They sat in silence for a while, and she contemplated Pat’s words until the haunting of last night’s conversation and its unanswered questions filled her.  The chill that visited her raised goosebumps on her arms.  This was day one.

“Let’s go back.”  She said.

Patrick saw the shadows of fear painted on her face.  He took her arm, drawing her to him, and over brushed them with a kiss.  “Stop thinking about him, love, alright?”

“I could eat you!”  She murmured.

“See?  Pig.  I knew it.  I feel a nickname coming on…”

“Oh no, don’t you dare!  This is so unjust! I’m a fat sow, condemned to live with my ugliness…”

“Karen, darling, you’re beautiful – and you know it, so no sympathy-milking; it does not become you.  Now, where was I?”

Their play, hidden in the protection of the trees, might have reached a more fervent level were it not for Petra who, seeing them engaged in such a fun wrestling game, joined in with her usual gusto.  Petra had been swimming.  Petra was very, very wet.

Their ardour dampened considerably by Petra’s attentions, the pair walked or ran the three hundred yards of open lawn between themselves and Radley Court.  Out of respect for the hall carpet they harried their four-legged companion around the east side of the house, intending to use the back door and kitchen for a ceremonial paw-drying.

“What’s in the barn?”  Karen asked, referring to an ancient brick building so positioned at the north-east corner of Radley Court as to be hidden by trees from the main driveway.
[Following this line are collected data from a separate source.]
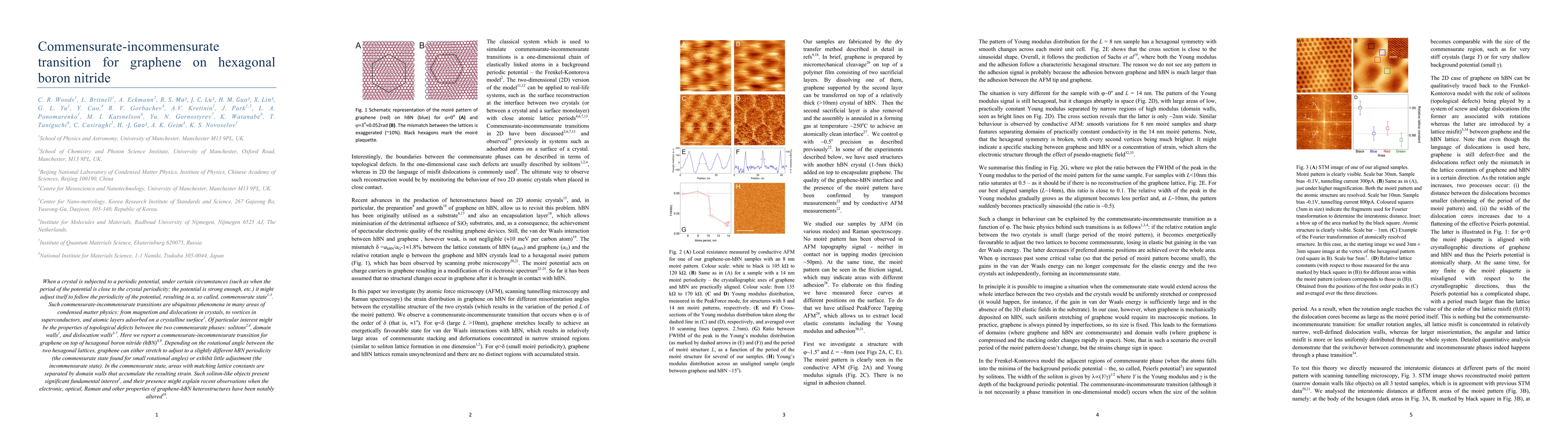 This study investigates the commensurate-incommensurate transition in graphene on hexagonal boron nitride, revealing how graphene adapts to varying rotational angles between the two lattices. The transition highlights the presence of domain walls in the commensurate state, which may explain altered electronic and optical properties observed in graphene-hBN heterostructures.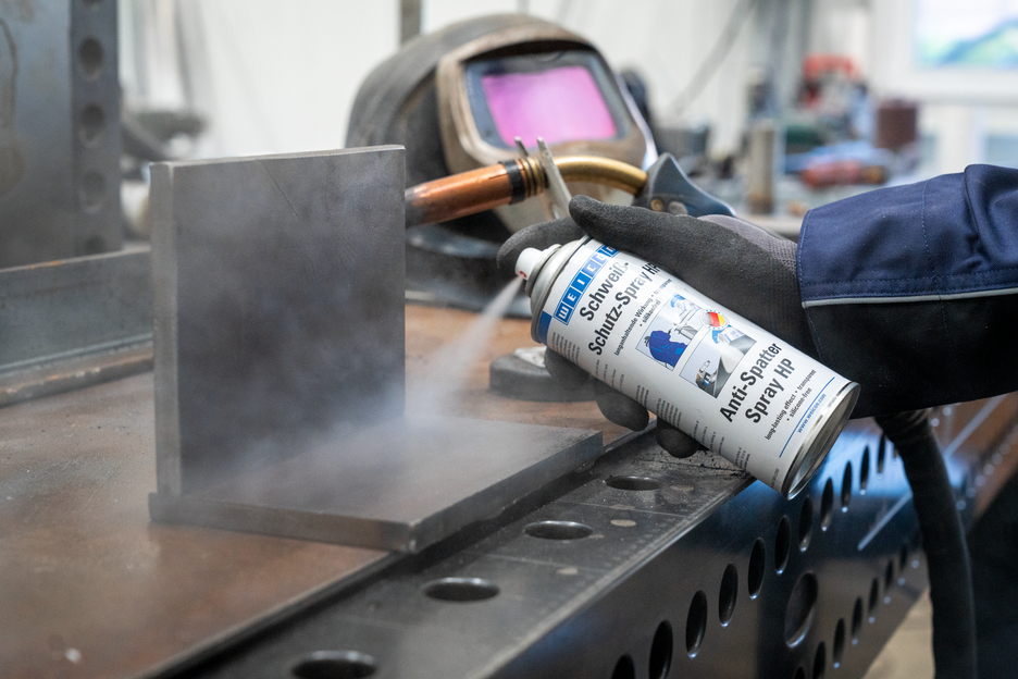 WEICON Anti-Spatter Spray HP is a high-quality release agent and lubricant and is used for cleaning welding tips, welding nozzles and gas nozzles. It also protects workpieces and surfaces to be welded from the adhesion and penetration of weld spatter without impairing the weld seam. The silicone-free Anti-Spatter Spray provides long-term protection for the treated surfaces. Using the spray minimises downtimes and interruptions in the production process for cleaning the welding equipment. The spray is excellent for use on stainless steel, but can also be applied to many other materials, such as aluminium, structural steel or non-ferrous metals. The use of the spray eliminates the need to clean the workpieces with a spatula, brush or chisel. Post-treatment of the workpieces (such as bronzing, galvanising, anodising or painting) is possible without special cleaning. Cleaning, e.g. with WEICON Cleaner Spray S, may be necessary in the case of excessive spraying.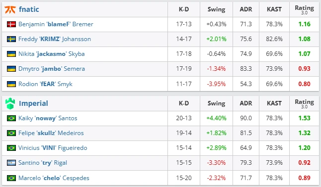 Imperial continue their quiet but stable run through Budapest. Against fnatic, they looked prepared for every scenario: well-structured rounds, coordinated retakes, and no panic even in disadvantaged situations. fnatic once again revealed their biggest weakness — poor conversion of advantages. They lost every crucial round in the second half, including two 2v2s and one 5v4. At a Major, that’s fatal.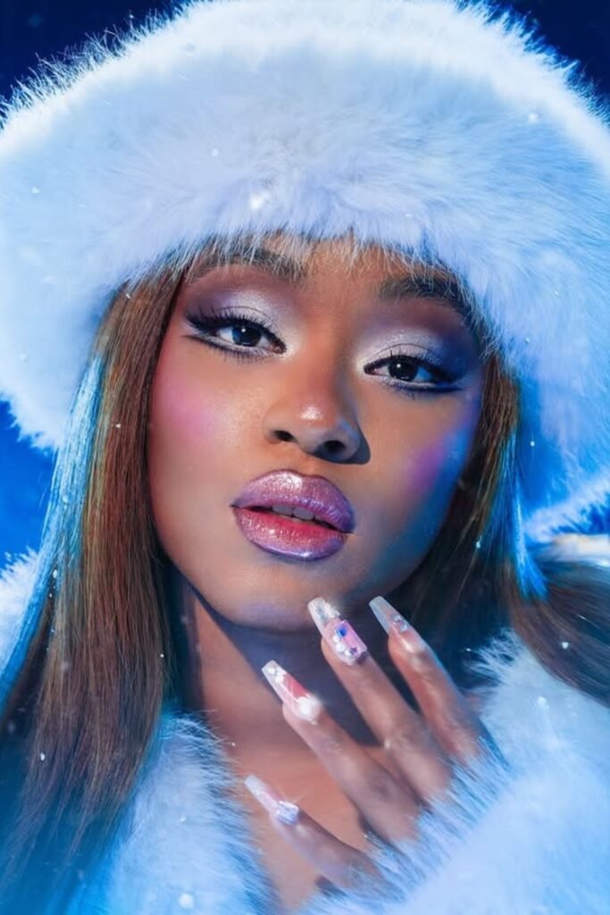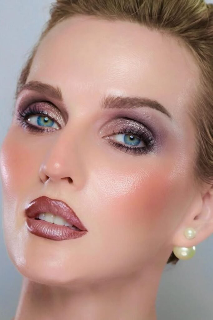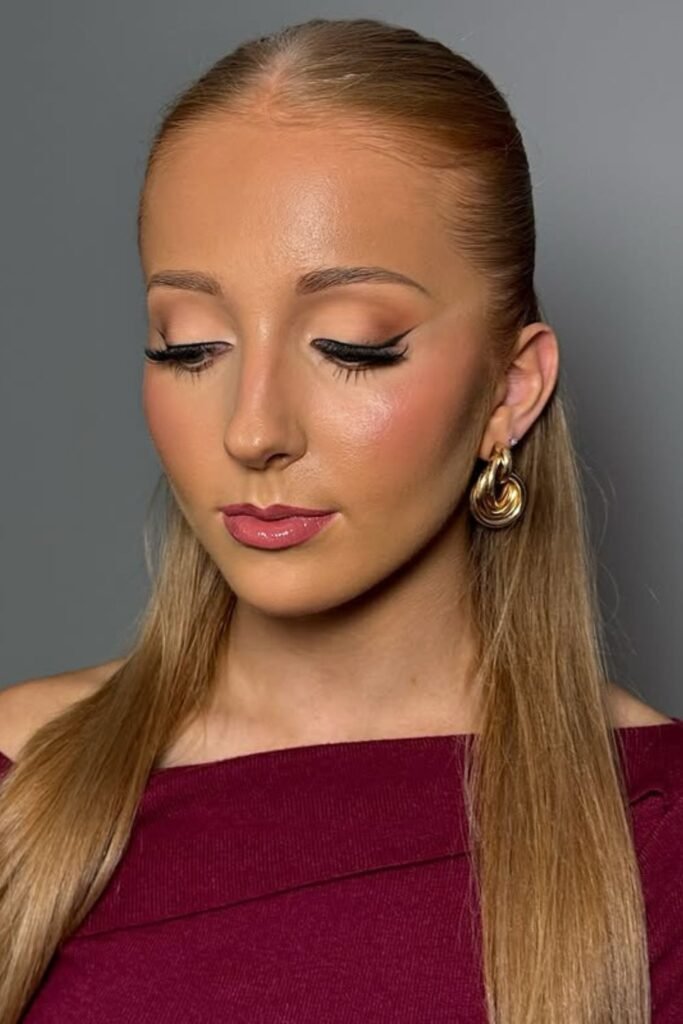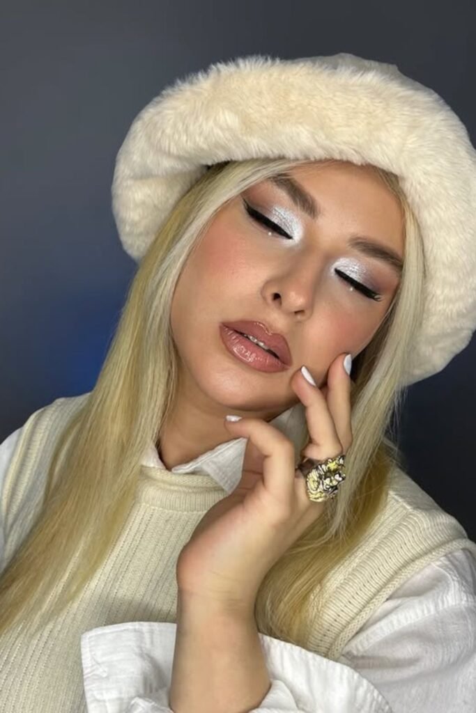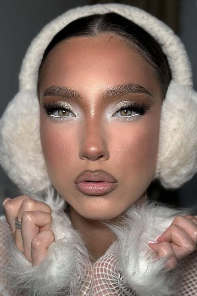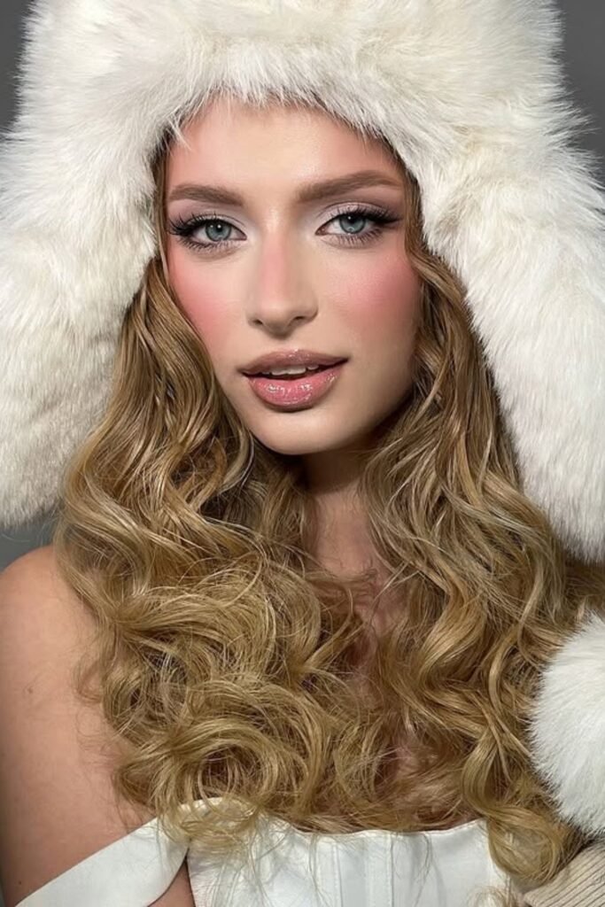 Winter lighting loves shimmer, and this look nails it with frosted pink lids, cool-toned blush, and a high-shine gloss that catches every glint of light.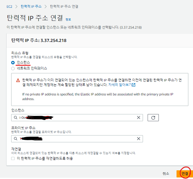클릭해 나의 인스턴스와 프라이빗IP 주소가 나오니 선택해 주시면 됩니다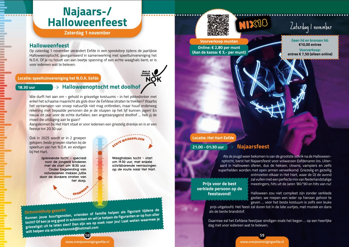 Op zaterdag 1 november verandert Eefde in een spookdorp tijdens de jaarlijkse Halloweenoptocht. Dit spannende evenement wordt georganiseerd in samenwerking met speeltuinvereniging N.O.K. Of je nu houdt van een beetje spanning of een echte waaghals bent; er is voor iedereen wat te beleven. Na deze angstaanjagende wandeling door het dorp, gaan de voetjes van de vloer tijdens het najaarsfeest in het Hart.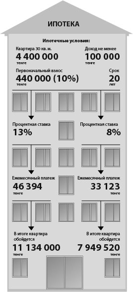 Итог тот же: «хрущевка» стоимостью $30 000 (4, 4 млн тенге) через 20 лет выльется мне в 11,135 млн ($75 748). Печально. Беру в руки калькулятор и срочно пересчитываю ипотеку под предлагаемые 8%. Ситуация меняется, но не кардинально. Доход также должен быть не менее 100 000 тенге в месяц. Ежемесячный платеж снижается с 43 000 до 33 000 тенге, а конечная стоимость квартиры составляет без малого 8 млн. Переплата почти в 2 раза. Ну и, кроме того, пока о 8% только заикнулись. Когда идея станет реальностью - бог весть.

The same gravel which surfaced the forecourt led up to its doors.

“I’ll show you.”  Patrick said.  “We’d better see to old sog-dog first, though.  It’s a no-Petra zone.”

Passing the loose boxes Karen was made to giggle and curl a little because Patrick was kissing her neck and his hands were getting extremely expressive.  In danger of being pinned against the tack room wall she wrenched herself free and burst, laughing, through the kitchen door with Petra and Pat in pursuit, to meet the slightly disapproving stare of Mrs Buxham., who was cleaning ‘her floor’ at the time.  They towelled Petra, a ritual she relished, before leaving her in Mrs B’s reluctant care.

“It was the original stable block,”  Patrick explained, as he led the way back to the barn.  “Dad gutted it a long time ago – before I was born, I think.  And he got into a lot of trouble because it’s a protected building, or something.”

“I still think it looks like a barn,”  Karen said.

Patrick persuaded a pair of wide doors sufficiently apart to provide entry.  In the darker space within the stable building Karen had to blink to accustom her eyes in the subdued light, then blink again to believe what she saw.

“This is where the mower lives,”  Patrick told her.

It was not the mower, a ponderous machine with gleaming brass controls squatting at the end of the building, that drew a gasp of wonder from Karen, nor was it the orderly rank of machinery occupying space to its right; a big lathe, a bench saw, an industrial drill and two other large fixed tools the purposes for which she did not understand. Neither did the amazing array of spanners on the walls, or a rack above her head supporting block and tackle catch her eye.

“Wow, Patrick!”

No, it was the three cars parked with their rear bumpers to the wall on the opposite side.  The first, and nearest was a gleaming white sports car.  Beside it, and looming imperiously above it, were the statuesque carriage lines of a fine old luxury saloon, complete with great brass lamps and a ‘Spirit of Ecstasy’ mascot at its prow.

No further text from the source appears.